▸ TRY IT:
Without pictures, repeat exactly the lines from the one containing "Advances in Ray" through the end of the entries.

[Saved data entries]
=-=-=

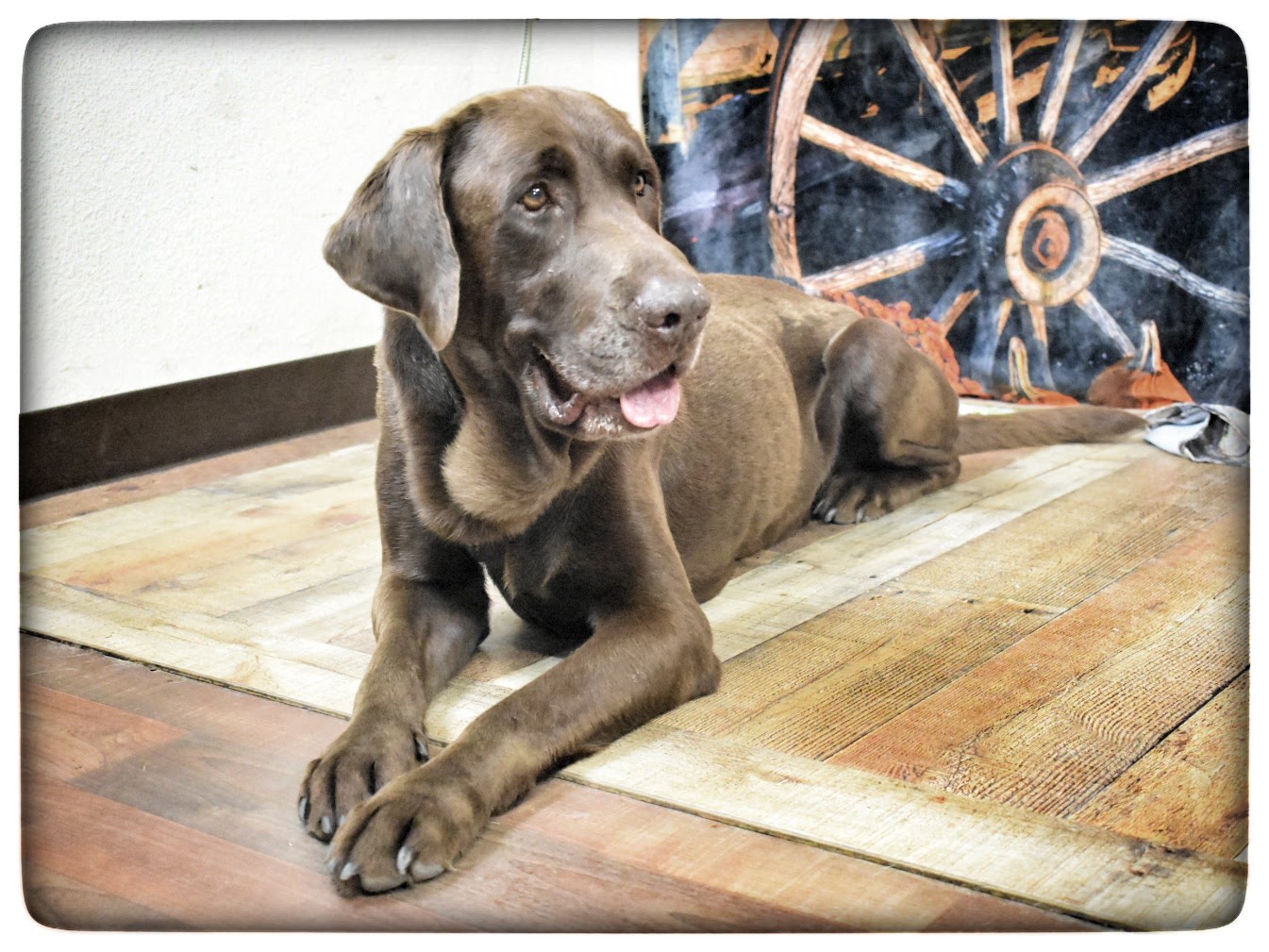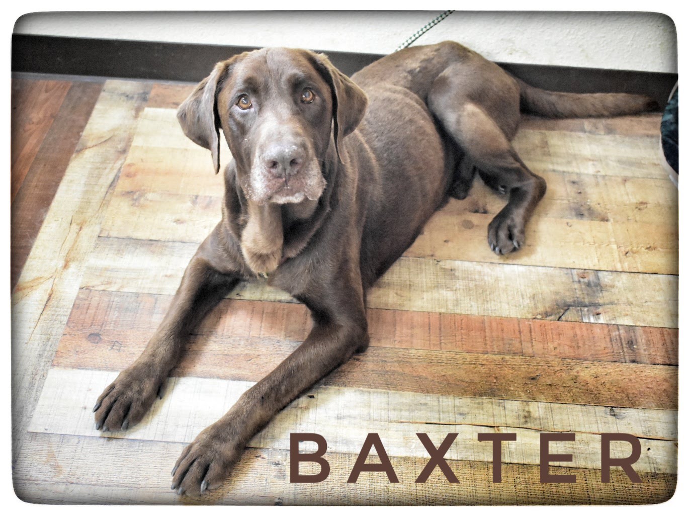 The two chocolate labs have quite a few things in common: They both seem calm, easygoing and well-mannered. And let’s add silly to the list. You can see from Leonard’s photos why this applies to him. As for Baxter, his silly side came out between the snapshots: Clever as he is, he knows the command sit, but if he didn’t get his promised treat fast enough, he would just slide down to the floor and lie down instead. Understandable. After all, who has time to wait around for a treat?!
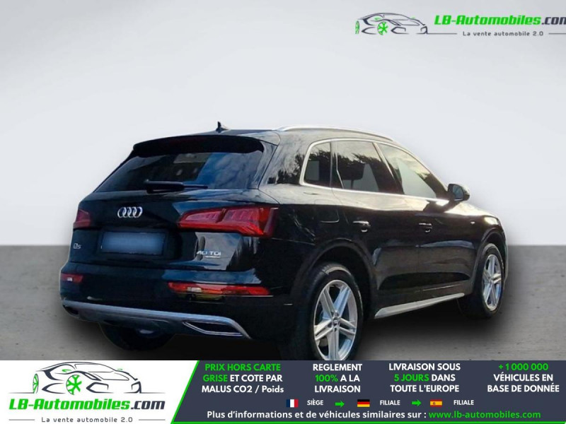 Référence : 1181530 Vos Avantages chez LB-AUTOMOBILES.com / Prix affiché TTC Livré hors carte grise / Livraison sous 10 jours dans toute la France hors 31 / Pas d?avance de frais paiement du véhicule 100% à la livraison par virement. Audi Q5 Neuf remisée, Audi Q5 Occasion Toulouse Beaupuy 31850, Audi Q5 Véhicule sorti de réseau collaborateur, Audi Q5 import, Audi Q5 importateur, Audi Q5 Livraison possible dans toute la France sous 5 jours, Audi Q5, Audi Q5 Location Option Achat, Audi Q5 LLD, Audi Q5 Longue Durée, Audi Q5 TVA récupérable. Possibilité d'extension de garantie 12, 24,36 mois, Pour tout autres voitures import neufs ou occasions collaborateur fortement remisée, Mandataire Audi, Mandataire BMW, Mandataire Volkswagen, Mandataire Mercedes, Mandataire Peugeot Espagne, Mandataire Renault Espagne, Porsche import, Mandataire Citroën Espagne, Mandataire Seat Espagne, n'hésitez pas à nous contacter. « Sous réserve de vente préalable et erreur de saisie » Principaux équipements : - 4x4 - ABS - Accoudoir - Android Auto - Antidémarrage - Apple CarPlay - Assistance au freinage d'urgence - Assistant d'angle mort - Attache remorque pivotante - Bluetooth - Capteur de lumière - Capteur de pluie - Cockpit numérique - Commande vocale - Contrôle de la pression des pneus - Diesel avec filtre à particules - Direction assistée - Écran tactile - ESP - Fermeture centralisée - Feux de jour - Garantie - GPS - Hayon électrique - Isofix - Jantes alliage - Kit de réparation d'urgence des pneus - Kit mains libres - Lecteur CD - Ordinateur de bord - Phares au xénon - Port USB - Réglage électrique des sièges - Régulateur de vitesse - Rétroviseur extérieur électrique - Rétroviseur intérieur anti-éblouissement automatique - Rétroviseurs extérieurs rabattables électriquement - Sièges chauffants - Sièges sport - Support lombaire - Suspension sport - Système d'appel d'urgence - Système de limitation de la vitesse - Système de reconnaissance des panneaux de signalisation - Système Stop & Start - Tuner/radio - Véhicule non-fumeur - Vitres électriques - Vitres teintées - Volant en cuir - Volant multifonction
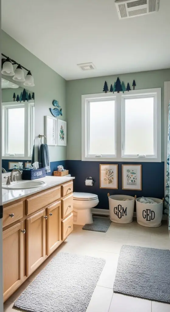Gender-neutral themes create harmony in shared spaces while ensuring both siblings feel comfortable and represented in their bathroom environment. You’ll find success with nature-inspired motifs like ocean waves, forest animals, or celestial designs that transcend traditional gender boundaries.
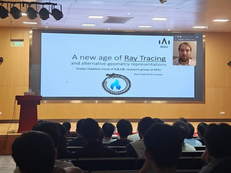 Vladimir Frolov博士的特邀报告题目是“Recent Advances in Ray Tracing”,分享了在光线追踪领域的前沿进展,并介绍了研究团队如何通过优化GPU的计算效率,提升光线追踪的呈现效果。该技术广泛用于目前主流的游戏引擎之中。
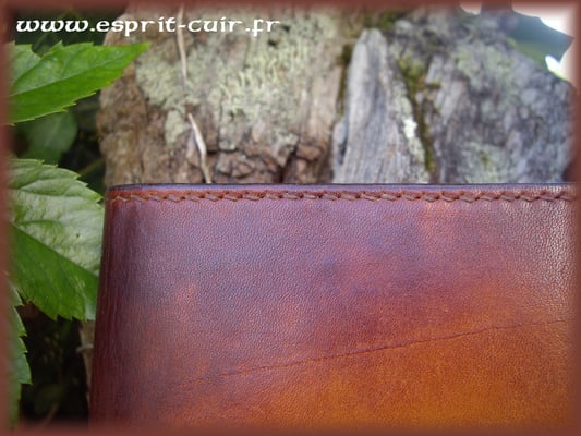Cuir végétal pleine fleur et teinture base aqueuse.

=-=-=

▸ WRITTEN SOLUTION:
 Vladimir Frolov博士的特邀报告题目是“Recent Advances in Ray Tracing”,分享了在光线追踪领域的前沿进展,并介绍了研究团队如何通过优化GPU的计算效率,提升光线追踪的呈现效果。该技术广泛用于目前主流的游戏引擎之中。
Cuir végétal pleine fleur et teinture base aqueuse.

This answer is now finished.